Now we define the workflow. Workflow for TransmogrifAI. Takes the final features that the user wants to generate as inputs and constructs the full DAG needed to generate them from those features lineage. Then fits any estimators in the pipeline dag to create a sequence of transformations that are saved in a workflow model.

```val workflow = new OpWorkflow().setResultFeatures(prediction, profit).
setReader(trainDataReader)
```

Train the workflow

train() method is used on workflow instance to fit all of the estimators in the pipeline and return a pipeline model of only transformers. Uses data loaded as specified by the data reader to generate the initial data set.

```val workflowModel = workflow.train()
```

## Score and Evaluate the Model¶

To score and evaluate the model, we call scoreAndEvaluate(..) on workflowModel as shown below and get the scores and evaluation parameters.

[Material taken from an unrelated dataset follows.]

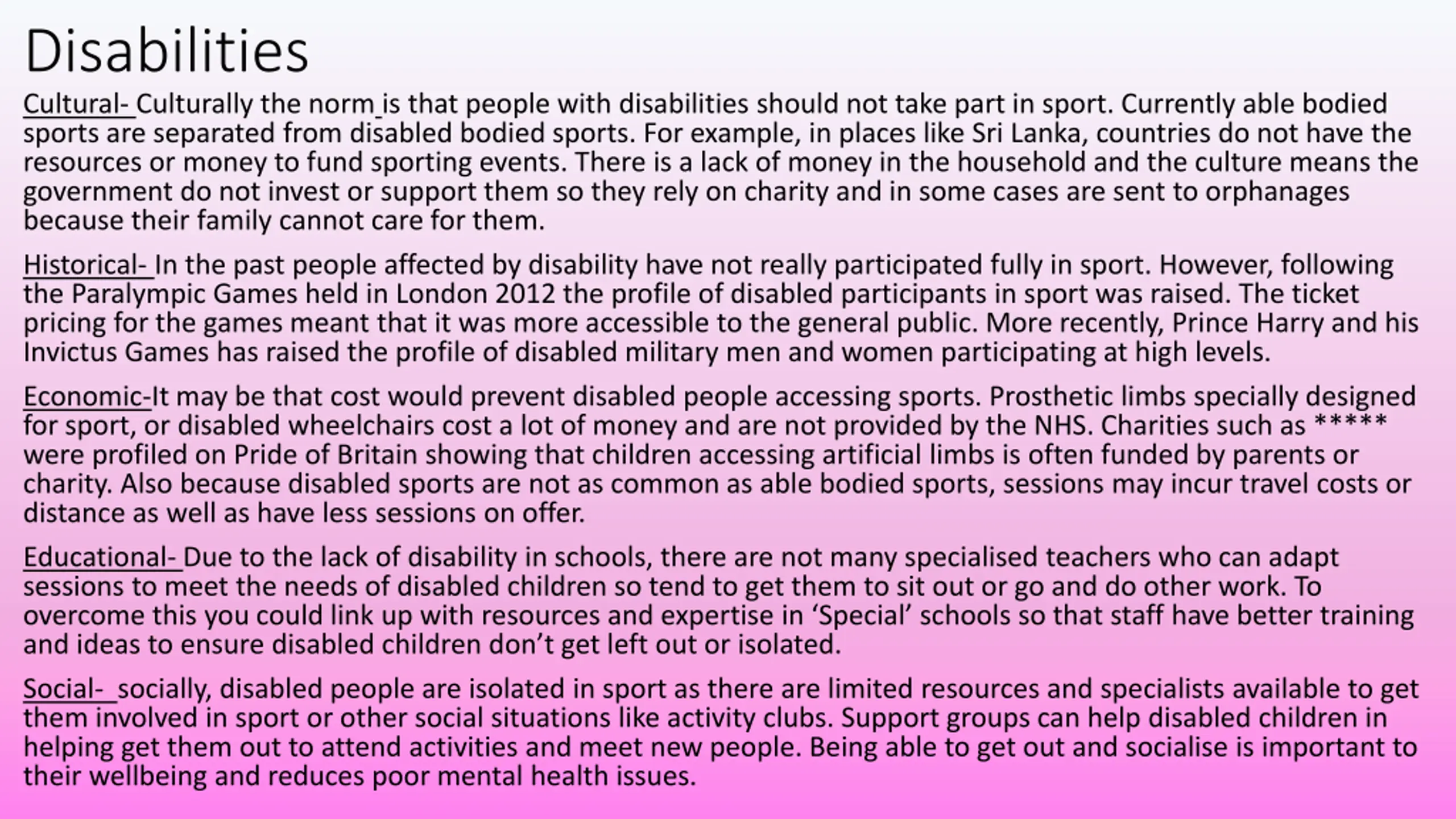 Disabilities Cultural- Culturally the norm is that people with disabilities should not take part in sport. Currently able bodied sports are separated from disabled bodied sports. For example, in places like Sri Lanka, countries do not have the resources or money to fund sporting events. There is a lack of money in the household and the culture means the government do not invest or support them so they rely on charity and in some cases are sent to orphanages because their family cannot care for them. Historical- In the past people affected by disability have not really participated fully in sport. However, following the Paralympic Games held in London 2012 the profile of disabled participants in sport was raised. The ticket pricing for the games meant that it was more accessible to the general public. More recently, Prince Harry and his Invictus Games has raised the profile of disabled military men and women participating at high levels. Economic-It may be that cost would prevent disabled people accessing sports. Prosthetic limbs specially designed for sport, or disabled wheelchairs cost a lot of money and are not provided by the NHS. Charities such as ***** were profiled on Pride of Britain showing that children accessing artificial limbs is often funded by parents or charity. Also because disabled sports are not as common as able bodied sports, sessions may incur travel costs or distance as well as have less sessions on offer. Educational- Due to the lack of disability in schools, there are not many specialised teachers who can adapt sessions to meet the needs of disabled children so tend to get them to sit out or go and do other work. To overcome this you could link up with resources and expertise in Special schools so that staff have better training and ideas to ensure disabled children don t get left out or isolated. Social- socially, disabled people are isolated in sport as there are limited resources and specialists available to get them involved in sport or other social situations like activity clubs. Support groups can help disabled children in helping get them out to attend activities and meet new people. Being able to get out and socialise is important to their wellbeing and reduces poor mental health issues.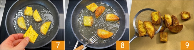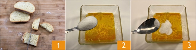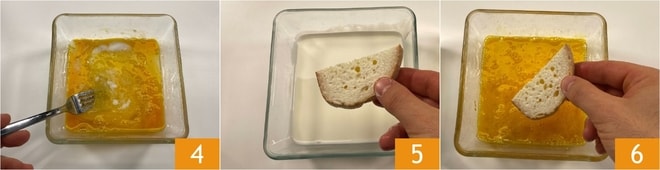 Gut mit einer Gabel schlagen 4. Tauchen Sie jedes Stück Brot schnell zuerst in die Milch 5 und dann in die Eiermischung 6, wobei überschüssige Flüssigkeit abtropft.

```val dfScoreAndEvaluate = workflowModel.scoreAndEvaluate(evaluator)
val dfScore = dfScoreAndEvaluate._1.
withColumnRenamed("population-profit_3-stagesApplied_Prediction_00000000000f",
"predicted_profit")
val dfEvaluate = dfScoreAndEvaluate._2
```

We renamed the scored column to predicted_profit

Evaluator output

Print the output of Evaluator

```println("Evaluate:\n" + dfEvaluate.toString())
```

Output of the print statement above will be:

```{
"RootMeanSquaredError" : 3.2384424508547105,
"MeanSquaredError" : 10.487509507497863,
"R2" : 0.6509976667047017,
"MeanAbsoluteError" : 2.3879064702007646
}
```

Model chosed has an MSE of 10.48 and RMSE 3.23

Show the scores

```dfScore.show(false)
```

Output will be similar to:

```+--------------------+-------+----------------------------------+
|key                 |profit |predicted_profit                  |
+--------------------+-------+----------------------------------+
|4888594985882367692 |17.592 |[prediction -> 4.230561150603311] |
|8020157188189231317 |9.1302 |[prediction -> 2.5443535144523106]|
|734589599645700297  |13.662 |[prediction -> 7.781771232315265] |
|2073615787707515974 |11.854 |[prediction -> 4.704125138578778] |
|8227609953757034682 |6.8233 |[prediction -> 3.4318698944369954]|
|-3430766866446242375|11.886 |[prediction -> 7.737034008872041] |
|7526338684630736359 |4.3483 |[prediction -> 4.687224111323368] |
|4921755212716439631 |12.0   |[prediction -> 7.781771232315265] |
|-466660369762144986 |6.5987 |[prediction -> 4.497698003899803] |
|-2662461837352799172|3.8166 |[prediction -> 1.5378404994651533]|
|5748526649699471540 |3.2522 |[prediction -> 2.8269199669197933]|
|-4491317630949059399|15.505 |[prediction -> 15.253309190943435]|
|-1036466213603419833|3.1551 |[prediction -> 3.4318698944369954]|
|49827461235003711   |7.2258 |[prediction -> 7.737034008872041] |
|8021242688795550819 |0.71618|[prediction -> 2.7841598383912647]|
|-7789624635709463055|3.5129 |[prediction -> 1.6806952063426013]|
|4172135869839283180 |5.3048 |[prediction -> 4.497698003899803] |
|2924631943149725529 |0.56077|[prediction -> 1.5378404994651533]|
|-2298902207799678212|3.6518 |[prediction -> 4.497698003899803] |
|8510971026908274006 |5.3893 |[prediction -> 4.704125138578778] |
+--------------------+-------+----------------------------------+
```

We extract the predicted_profit value and store in a file for plotting

```val dfScoreMod = dfScore.rdd.map(x => x(2).toString.split("->")(1).
dropRight(1).dropRight(1))
dfScoreMod.foreach(println)
dfScoreMod.saveAsTextFile("./output/simple_regression/predictions")
```

In the next section we will plot the output along with the training data values

## Plotting the Actual vs predicted score¶

We used pandas to plot the actual vs predicted values from the original dataset and the output obtained above. ## Summary¶

In this article we looked at a simple regression use case with one input variable and dependent variable - profit. We used TransmogrifAI to provide us with the best first model based on the least Error, RMSE.